Dan laki-laki yang tengah memungut, buku serta ponsel Hilya langsung membelalakkan matanya kaget.
"Ya ampun, ma'af ma'af Hilya." katanya sambil menyerahkan buku dan ponsel Hilya, yang tadi dia ambil. "Sekali lagi aku minta ma'af." ucapnya dan setelah itu langsung berlalu pergi. Meninggalkan Hilya, yang tengah berdiri mematung, seraya memandang punggung tegap Danish, yang kian menjauh.
"Kenapa sih dia? Kok kayaknya buru-buru banget." tanyanya pada dirinya sendiri. "Yaa Allah, sampai retak begini." gumamnya lirih, saat melihat layar ponselnya yang retak.
Masuk ke dalam mobil dengan wajah yang cemberut, membuat Atta sang kakak, mengerutkan dahinya bingung. "Kamu kenapa dek? Kok mukanya cemberut gitu?"
"Nggak papa."
"Kalau nggak papa, kenapa mukanya kayak gitu? Nggak enak banget tahu, lihatnya."

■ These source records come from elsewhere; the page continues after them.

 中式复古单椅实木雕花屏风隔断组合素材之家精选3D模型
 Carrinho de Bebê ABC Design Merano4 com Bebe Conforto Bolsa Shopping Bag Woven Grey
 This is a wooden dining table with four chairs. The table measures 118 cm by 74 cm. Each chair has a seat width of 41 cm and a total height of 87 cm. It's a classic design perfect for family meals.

"Beneran nggak papa abang, Hilya cuma kecapean aja, udah ayo pulang."
Jika Hilya menikmati kemacetan dengan tertidur pulas di dalam mobil, beda halnya dengan Danish. Laki-laki itu terus saja mengumpat, dan mengeluarkan sumpah serapahnya. Dia kesal, amat sangat kesal. Pasalnya, dia sudah sangat khawatir dengan kondisi kedua orangnya.

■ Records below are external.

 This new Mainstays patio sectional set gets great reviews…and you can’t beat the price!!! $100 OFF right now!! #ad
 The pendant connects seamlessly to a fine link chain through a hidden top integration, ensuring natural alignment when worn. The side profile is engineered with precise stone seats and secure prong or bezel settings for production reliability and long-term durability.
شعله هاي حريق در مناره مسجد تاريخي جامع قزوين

Getaran ponsel yang berada dalam sakunya, membuat Danish yang saat itu tengah duduk do kantin bersama Ello dan Raka, menghentikan obrolannya sejenak.
"Iya, pak Agus, ada apa?"
"Mas, ba-bapak mas, bapak sama ibu mas."
"Iya, papa sama mama kenapa pak?"
"Itu mas, bapak sama ibu, kecelakaan mas."
"APAAAA?! terus sekarang papa sama mama dimana pak?" tanyanya dengan tidak sabar.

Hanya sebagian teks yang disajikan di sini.